About this exercise:
Below, locate the line that contains "Comprobante de Pago". Repeat exactly from that line to the line that contains "SF14 Bluetooth Selfie", inclusive, leaving out the pictures.

Dataset records:
※ ※ ※

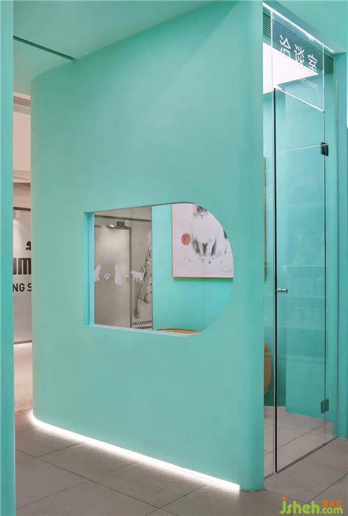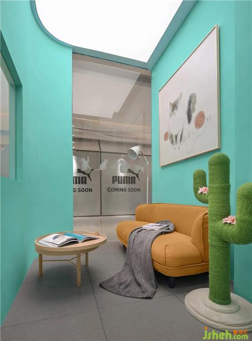 会客室提供了一隅之地,均匀的灯光洒下,店铺装修设计是撸猫的最佳地理位置。
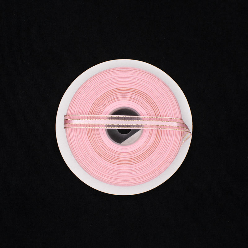 Cinta satin lurex dorado 3/8 rosado claro, composicion 95% nylon y 5% metalico. Ideal para todo tipo de moños, regalos, decoraciones y manualidades.
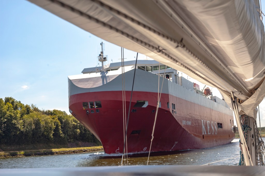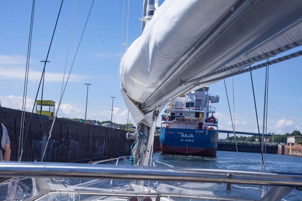 Puolen päivän aikaan sulutuksessa ei ollut meidän lisäksi muita veneitä. Odottelimme aikamme, kun yli 50 metrin rahtilaiva ajoi sisään. Okei, sovelsimme kolmatta ohjetta seuraten laivan 20 metristä peräpeiliä. Sulkuvahti otti meihin kuitenkin yhteyttä ensin saksaksi ja toisti asian englanniksi: ”Sailing boat, turn around and go back”. Käänsin pyörteissä välittömästi tulosuuntaa ja lähdimme ajamaan ulos. Muutaman veneen mitan jälkeen sulkuvahti antoi uuden ohjeen: ”Sailing boat, now, you are alout to run in, but at your own risk”. Nämä ohjeet tulevat solkenaan puheenparsien sarjoissa. Rannalla ei kuitenkaan kukaan kertonut, että laivan kanssa samaan sulutukseen ei tule ajaa ennen kuin laiva on kiinnitetty ja sulkuvahti antaa siihen luvan. Tämä siis epävirallisen täydennyksenä ohjeisiin. Jälkeenpäin löytämäni viralliset ohjeet ovat osoitteessa: http://www.wsa-kiel.wsv.de/Service/Publikationen/Anlagen/engl_Merkbl_Sportbootfahrer.pdf.
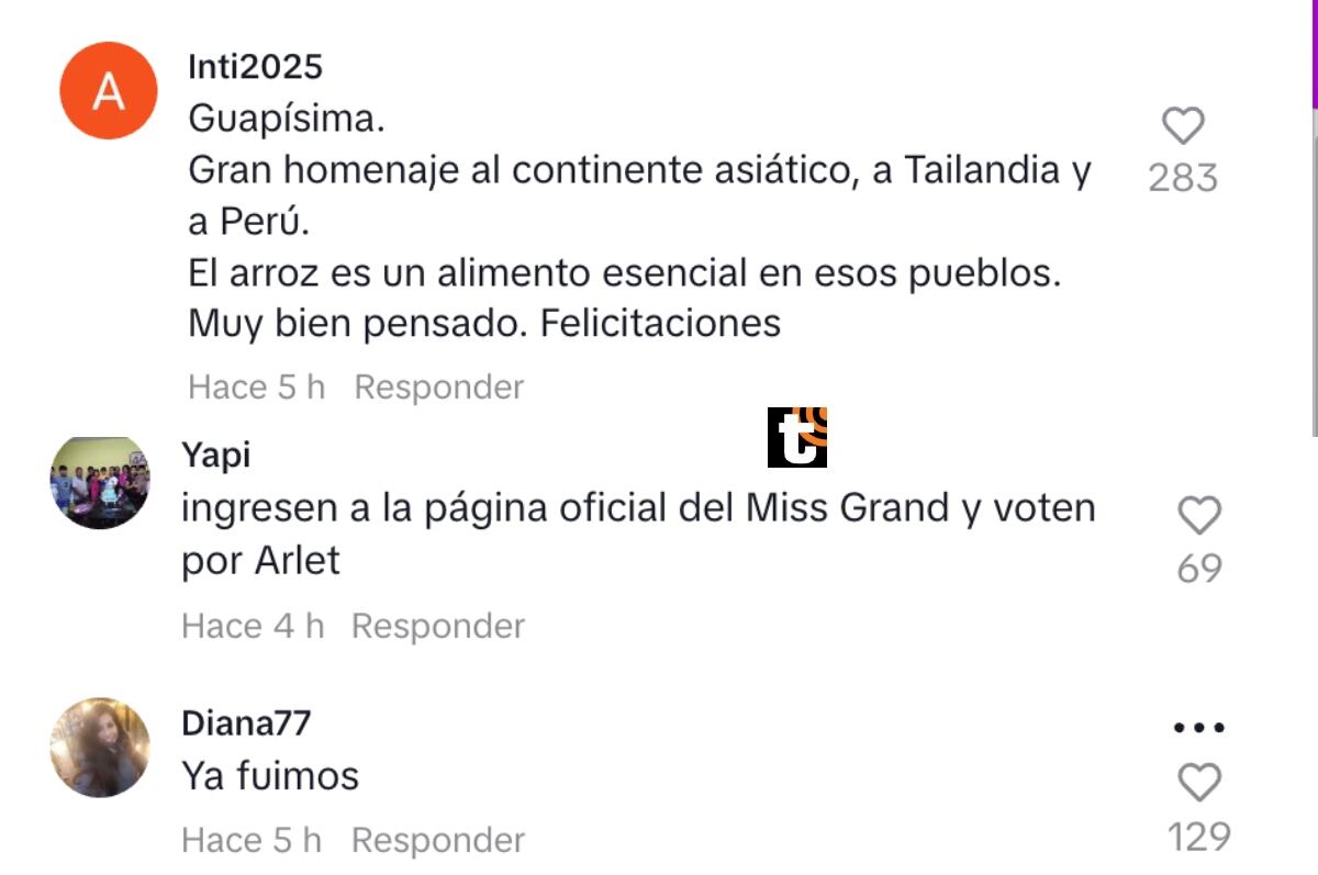 “Ya fuimos”, “Fabulosa con todo lo que se pone, pero porque no le dan lo que ella se merece”, “Guapísima. Gran homenaje al continente asiático, a Tailandia y a Perú”, “Aunque se ponga un trapo, esa es la actitud, ella lo hace impresionante”, fueron algunos de los mensajes.
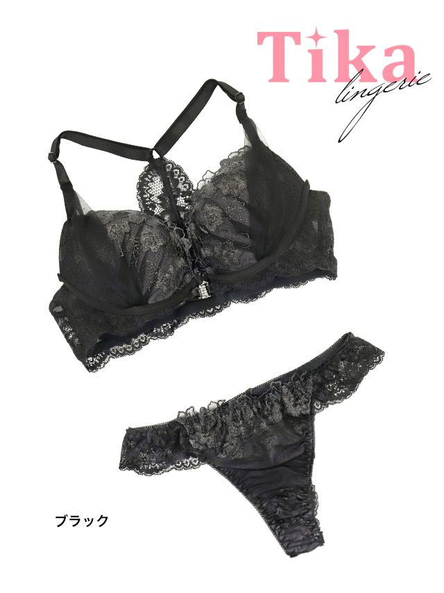 エレガントレース チュールベール フロントホック ワイヤー ブラジャー Tバックショーツ 2点セットのフロントバック
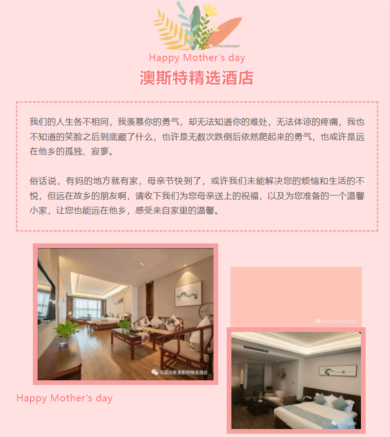 母亲节,欢迎下榻元谋远景澳斯特精选酒店(雅阁酒店集团旗下成员酒店),共庆节日。
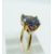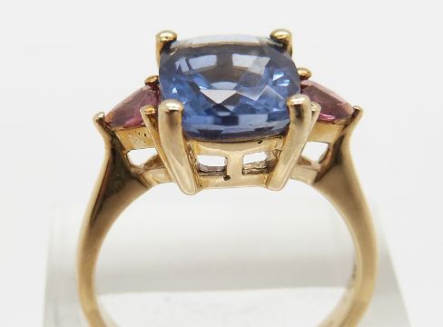 A 9ct gold three stone ring, the central blue paste stone flanked by two pink stones, 5.4g, size S
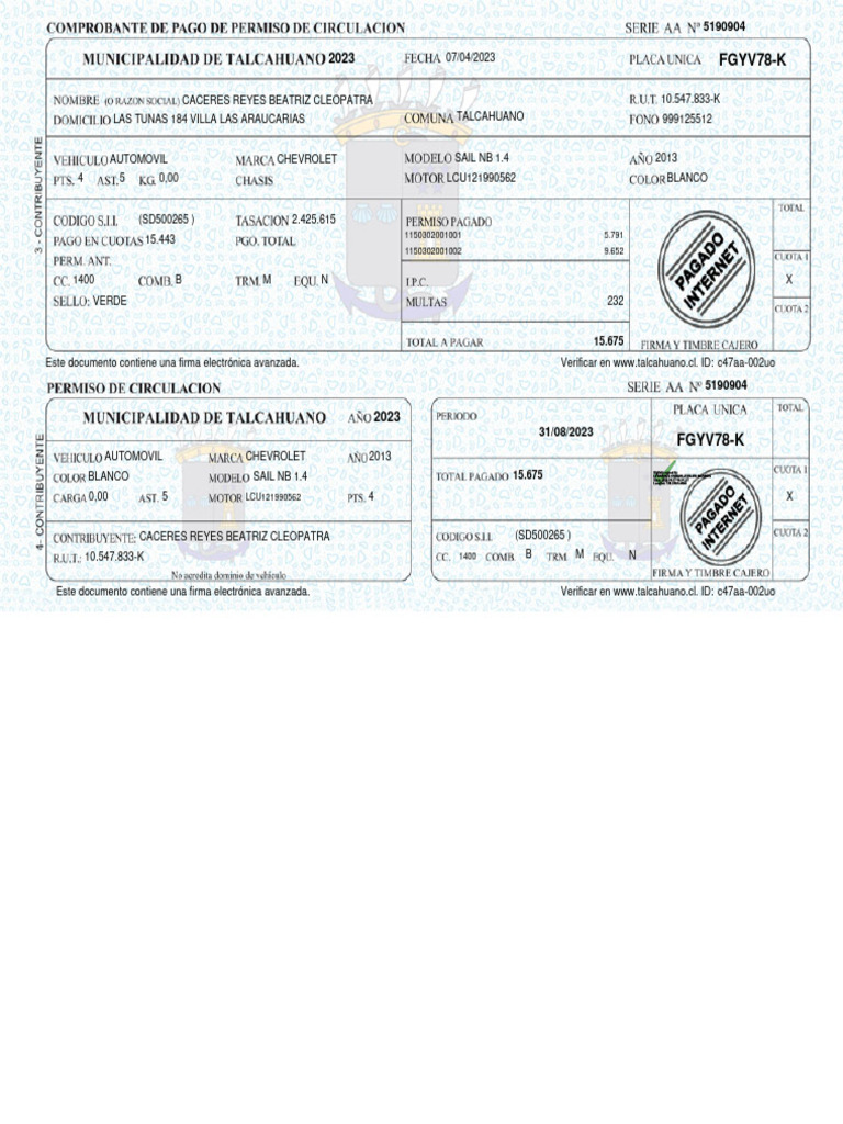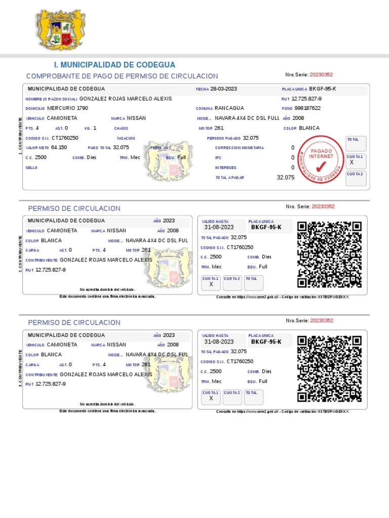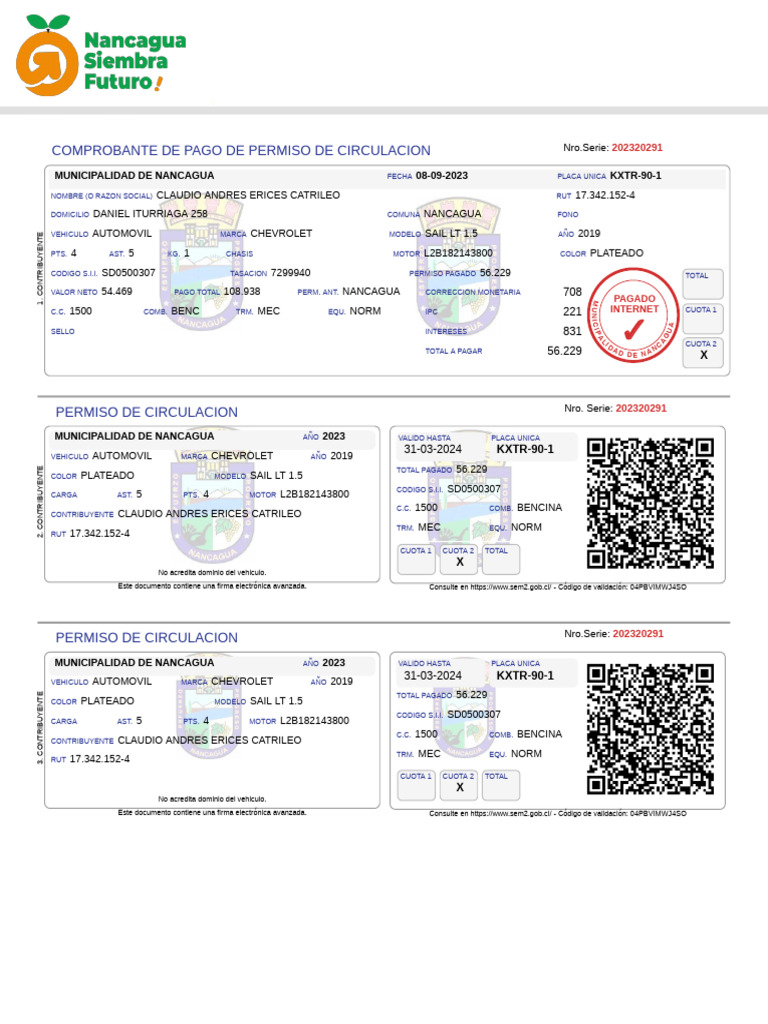 Comprobante de Pago Permiso Nancagua | PDF | Vehículos | Coche
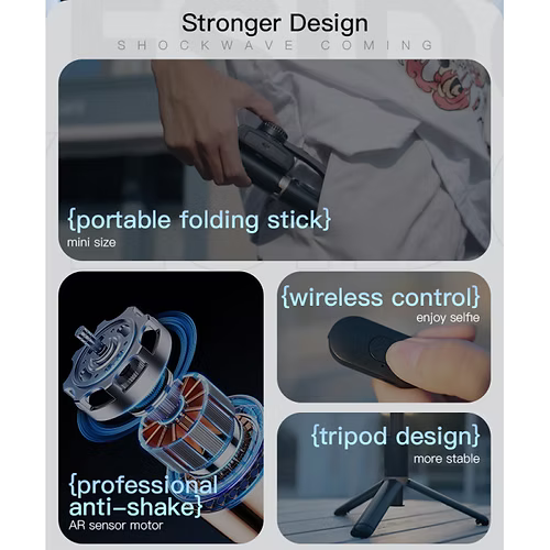 SF14 Bluetooth Selfie Stick | Tripod Zoom Handheld Gimbal Foldable Stabilizer Selfie Stick BT5.0. Battery: 450mAh. Max Telescopic:19~75CM. Folding Trible Leg. 360° rotating Gimbal. Remote control.
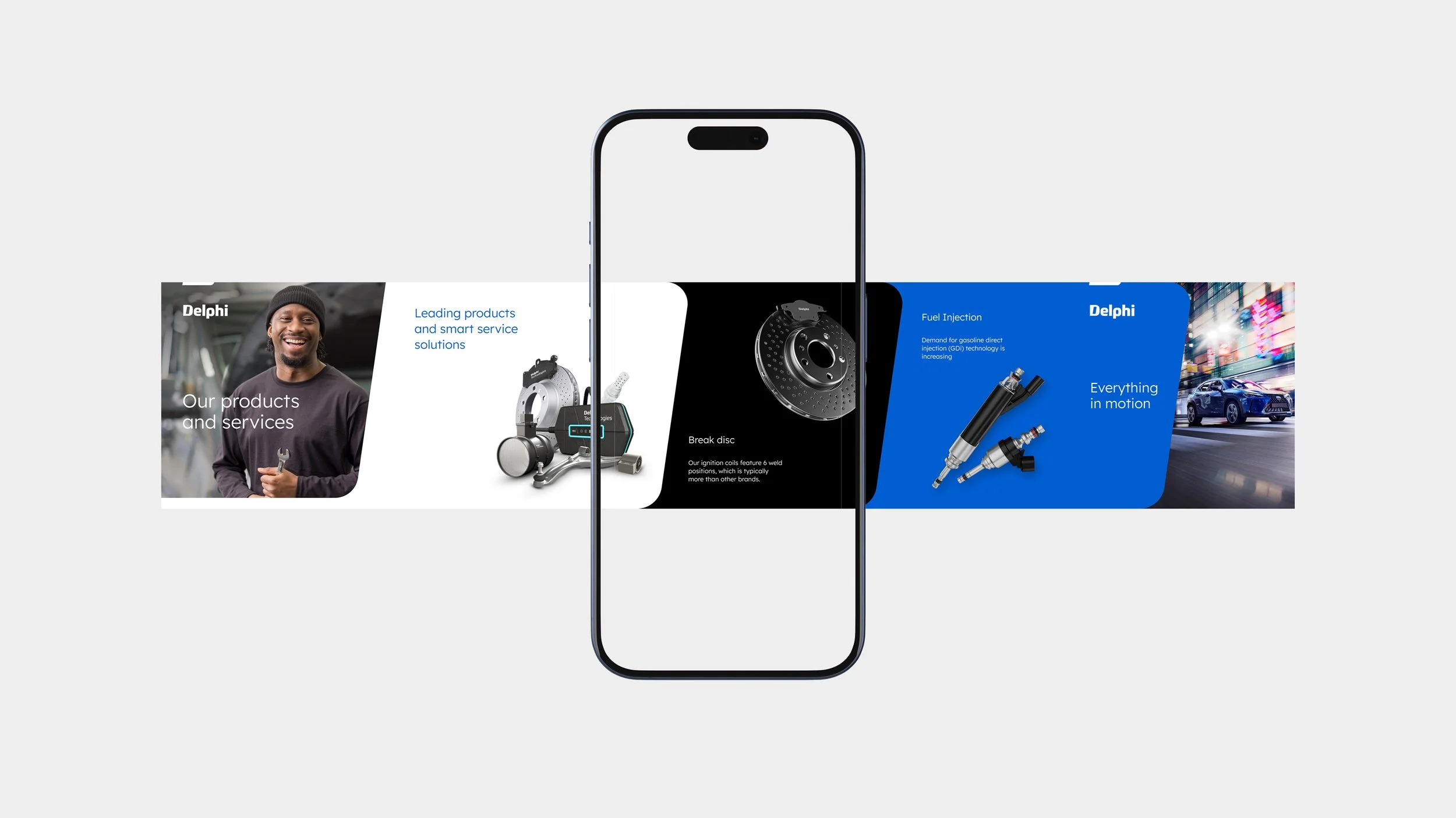 Delphi are the global leaders in aftermarket care, with a network of over 2,750 service centres spanning over 150 countries. With such a large reach they need a design system that can be applied consistently but can also evolve alongside new innovations in their sector. Working with the Delphi brand essence ‘everything in motion’ was the play zone to create new rules and expand the visual toolkit to do just that.
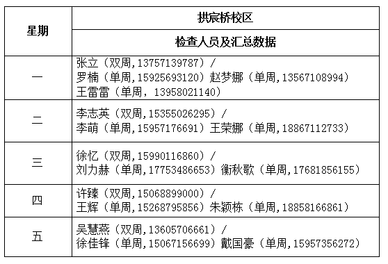 (1) 学院办公室人员负责第1节、第3节课的巡查(课表见附件2),重点检查到课率、课堂秩序、课堂互动与教师规范教学等情况,并于检查当天下午16点前将检查记录表(见附件3)电子稿发给罗楠。具体安排如下:
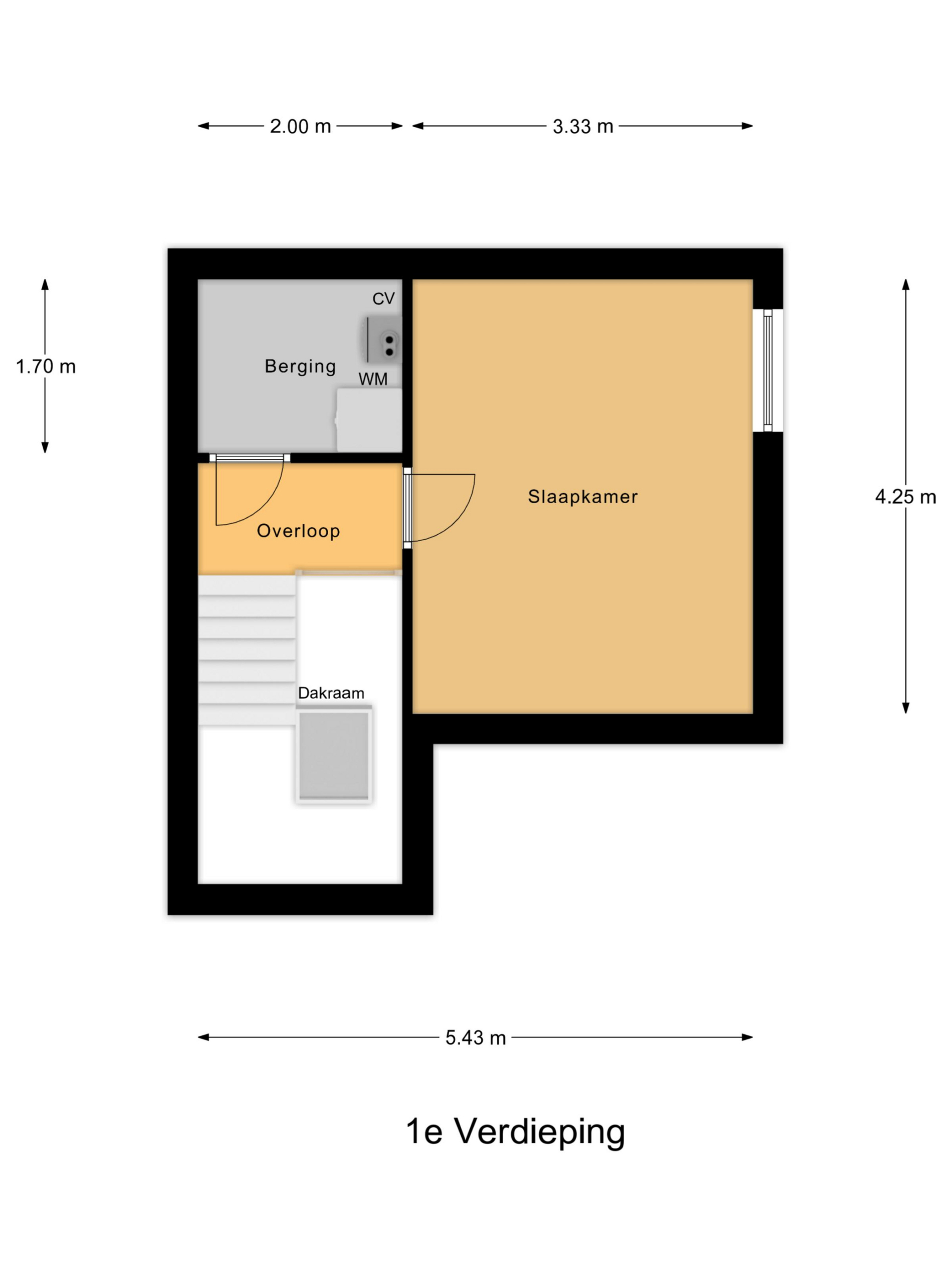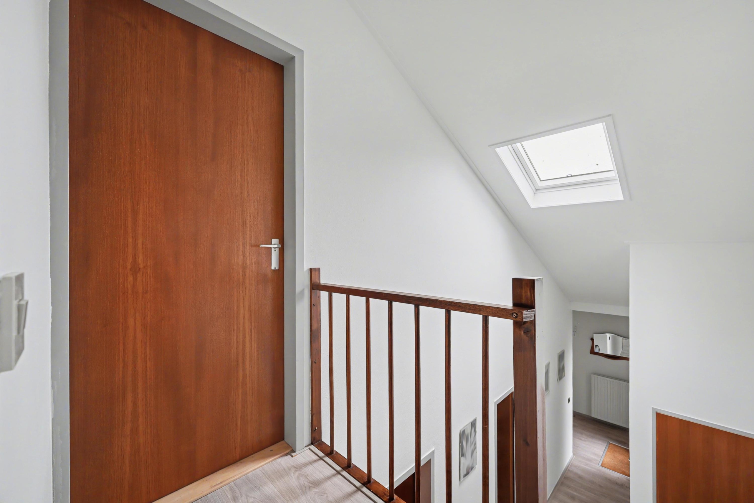 Eerste verdieping: overloop met vide, bergkast met cv-ketel (Atag HR 2021) en wasmachine-aansluiting, slaapkamer III.

※ ※ ※

Your response:
 Comprobante de Pago Permiso Nancagua | PDF | Vehículos | Coche
 SF14 Bluetooth Selfie Stick | Tripod Zoom Handheld Gimbal Foldable Stabilizer Selfie Stick BT5.0. Battery: 450mAh. Max Telescopic:19~75CM. Folding Trible Leg. 360° rotating Gimbal. Remote control.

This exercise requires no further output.